The best place plant blueberry bushes is a spot that gets full sun for 8 or more hours each day with well drained acidic soil. Your plants also need protection from strong winds that can dry them out and damage young growth. Get all three of these factors right and your bushes will thrive for decades with heavy harvests every summer.
I spent two weeks watching sun patterns in my yard before I chose where to put my first blueberry plants years ago. That front bed got morning shade from the house until almost noon. The side yard had full sun but stayed wet after rain for days at a time. My back corner turned out to be perfect with all day sun and soil that drained well within hours of any storm.
Your blueberry planting location needs to stay sunny because these plants turn sunlight into sugar for their berries. Less sun means fewer flowers and smaller harvests each year from your bushes. Shaded plants also stay damp longer after rain which invites fungal diseases to attack leaves and fruit. Aim for that 8 hour minimum of direct sun to keep your plants healthy and loaded with berries.
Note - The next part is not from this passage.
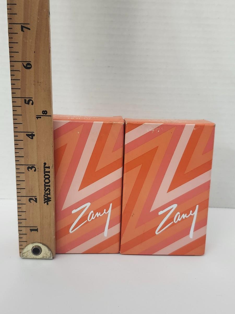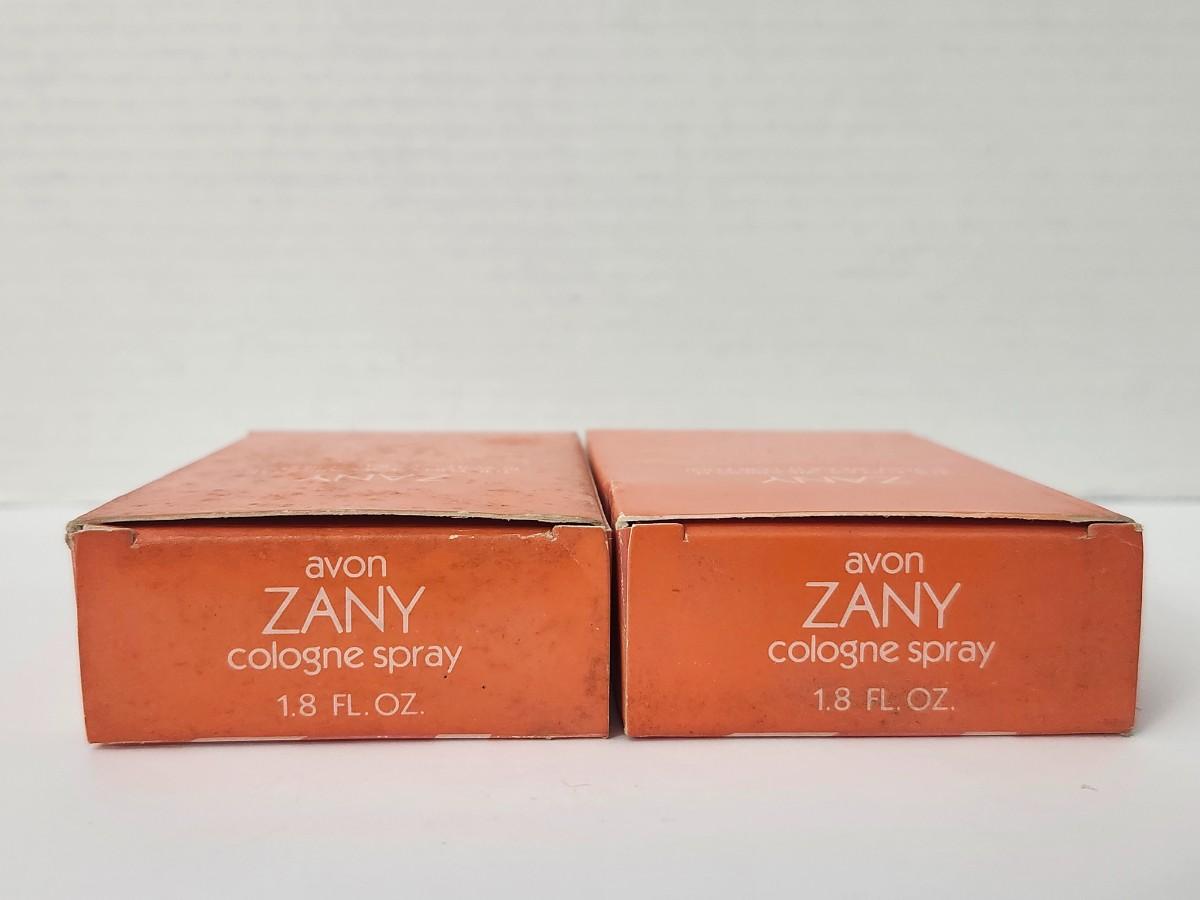 Two vintage Avon ZANY natural spray perfumes in original retro zig-zag boxes with bright orange pink geometric design. Fun nostalgic Avon fragrance set with playful packaging. Both boxes are present with visible age related wear shown in photos. Great addition for collectors, display or vintage vanity decor with bold 1970s to early 1980s aesthetic.

Blueberry roots spread wide near the surface rather than deep into the ground beneath them. This means they need soil that drains fast so roots do not sit in water after heavy rain storms. But those same near surface roots also dry out quick during hot spells between waterings. You want soil that lets water pass through yet holds enough moisture to keep roots happy between drinks.
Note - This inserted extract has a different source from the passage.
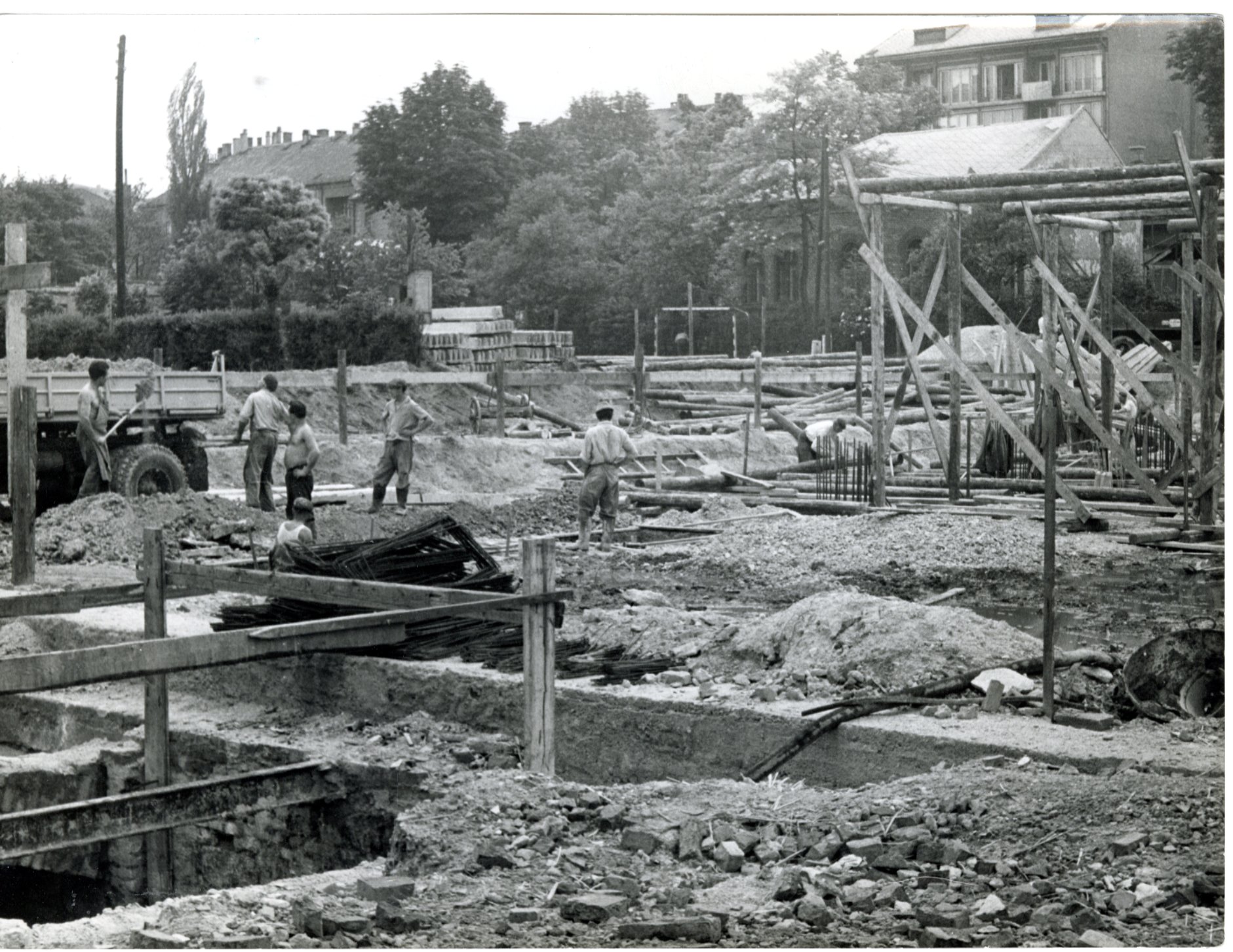 Uszoda építkezés. Előtérben a 16-os ház pince része

Test your drainage before you plant by digging a hole 12 inches (30 centimeters) deep and filling it with water from a hose. Check back in four hours to see if the water has drained out of the hole. If water still sits there then that spot will drown your blueberry roots during wet seasons. Look for another location or plan to build raised beds to lift your plants above the soggy ground.
Wind protection matters more than many growers think about when picking their site. Cold winter winds can kill flower buds that form the next year harvest on your branches. Hot summer winds dry out soil and stress plants during the growing season. A fence or hedge on the north and west sides of your planting blocks the worst winds while still letting full sun reach your bushes.
Site selection blueberries also means thinking about spacing for mature plants that will grow large over many years. WVU Extension suggests planting 6 to 8 feet (1.8 to 2.4 meters) apart within rows for highbush types. Leave 10 feet (3 meters) between rows if you plant multiple lines of bushes. This spacing gives each plant room to spread and lets air flow between them to reduce disease pressure.
Check that no black walnut trees grow within 50 feet (15 meters) of your chosen spot before you plant anything there. These trees release a chemical called juglone that kills blueberries and many other garden plants. The toxin spreads through roots and stays in soil for years after you remove the tree. Keep your bushes far from any walnuts in your yard or your neighbors yards nearby.
Run through this quick checklist before you commit to any location in your yard. Count sun hours on a summer day to verify you hit that 8 hour mark. Dig a test hole and fill it with water to check drainage speed. Look for wind protection on the north and west sides of the spot. Measure distance from any walnut trees you can see. Pass all these tests and you have found your perfect blueberry growing location.